Thesis #12 – Aging is a pattern of declining or de-tuned adaptation that is correlated with adult age only because adult age is at first strongly correlated with declining forces of natural selection.
We have all seen sunrise and sunset. In everyday language, we are describing a subjective experience of relative motion. But the sun doesn’t actually revolve around the Earth. It is just an optical illusion produced by the spinning Earth.

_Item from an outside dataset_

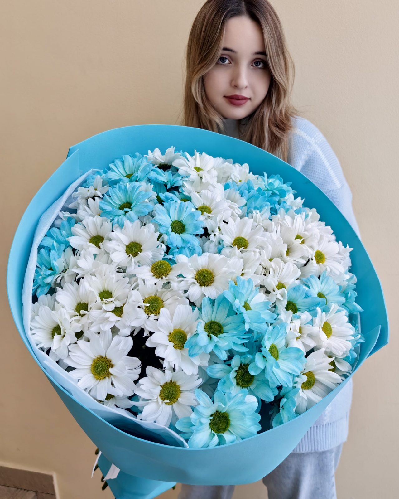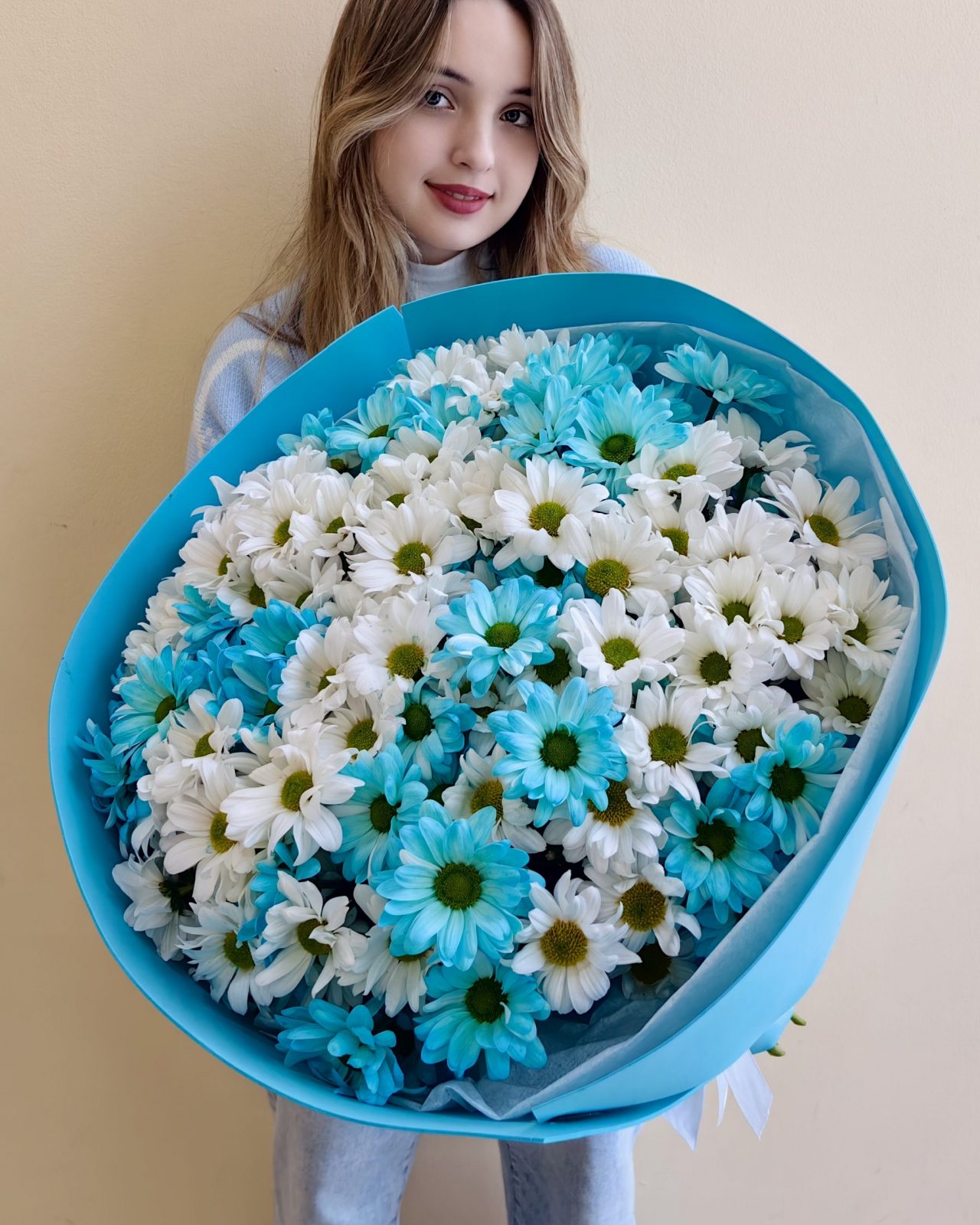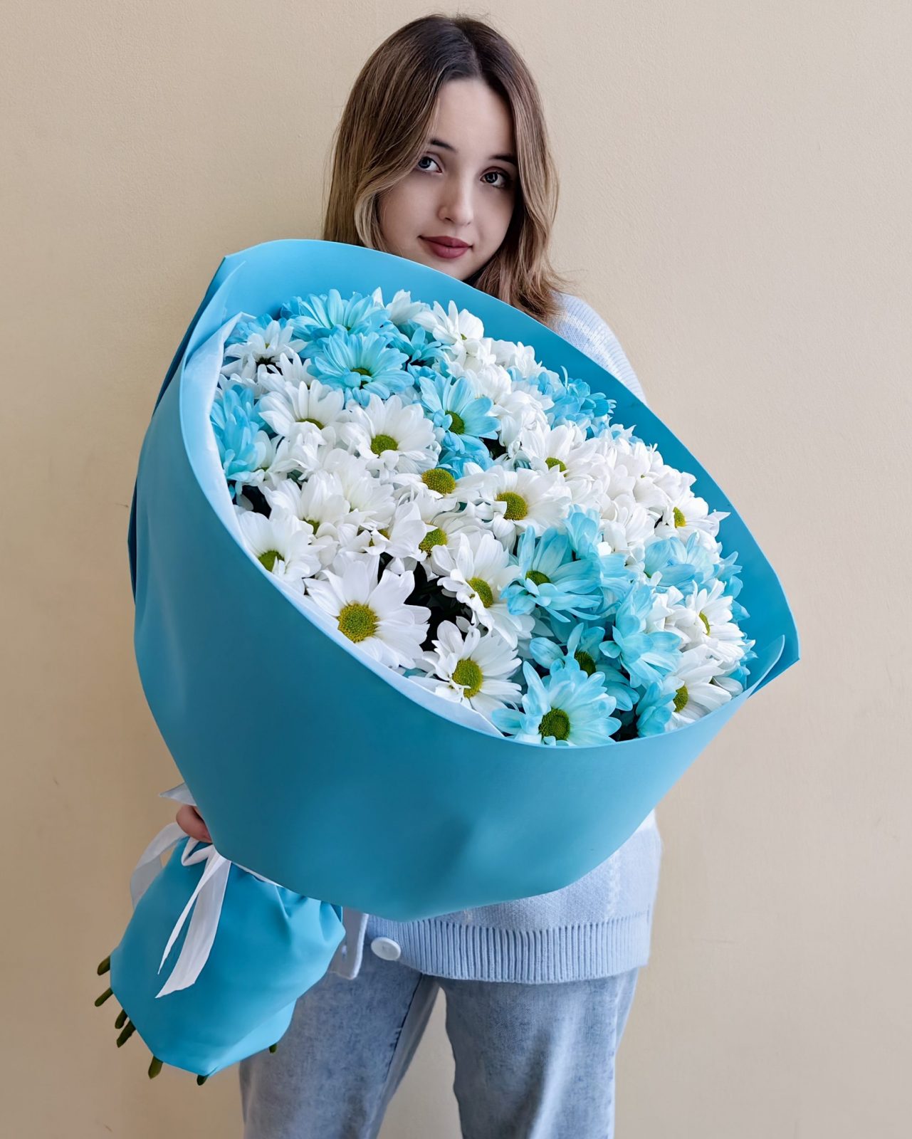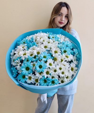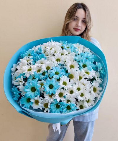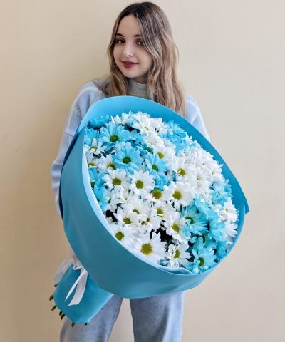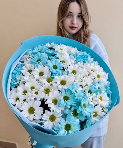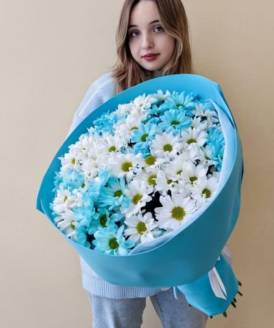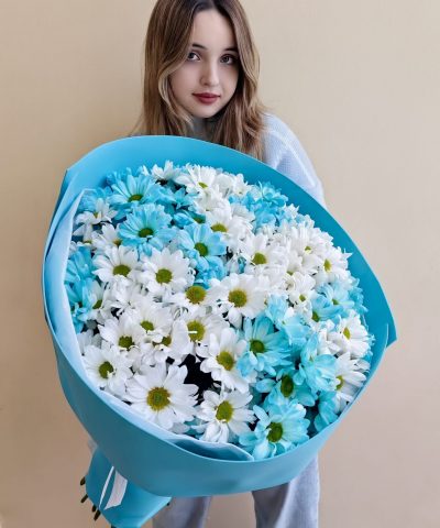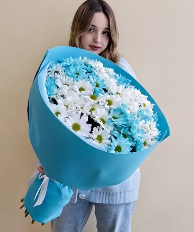 Объемный букет из белых и голубых кустовых хризантем 15 шт.

We have all seen the physiological deterioration of aging, or experienced it ourselves, which seems like a physiological process, akin perhaps to the filtering of our blood by our kidneys leading to their production of urine. Thus molecular and cellular biologists characterize aging in terms of hypothesized chronic physiological processes which are parallel to the production of urine. One of the most popularly hypothesized aging processes among such molecular biologists is free-radical damage, which non-biologists can think of as similar to rusting metal: progressive, cumulative, chemical damage involving oxidation.
In terms of the view articulated here, in the 55, this is as legitimate an inference as assuming that the sun revolves around the Earth. Aging seems exactly like cumulative damage, just like it seems to the uninformed that the sun revolves bout the Earth. Let me be clear. The Moon does orbit the Earth, as do many man-made satellites. You can suffer cumulative damage: your knee’s connective tissue will be progressively damaged if you repeatedly run marathons on pavement. So Earth-centered orbiting and cumulative damage are both processes that occur. The key scientific questions, though, are whether every celestial body orbits the Earth, and whether all the physiological impairments that accumulate during adulthood are due to cumulative damage. Most people know that the first hypothesis is false. Here the view is that the second hypothesis is also false.
We know why it seems as if the sun revolves about the Earth. It’s due to relative motion.
And some evolutionary biologists know why it seems as if aging is a process of cumulative chemical breakdown with adult age: Hamilton’s Forces of Natural Selection fall VERY predictably with adult age, ensuring that most animals will show palpable processes of deterioration. [The ones that don’t age effectively lack this fall in Hamilton’s Forces, for reasons we will discuss later.]
These conclusions don’t mean that there are no celestial orbits, or that there is no physiology involved in aging. A heliocentric solar system still has orbits, and the evolution of the aging still involves physiology. But aging is not a merely physiological, biochemically driven, process of cumulative damage. It is, instead, something else altogether. And the difference between these two views of aging is full of radical scientific consequences. And yet further, the difference between these two views of aging is fraught with still more radical medical implications.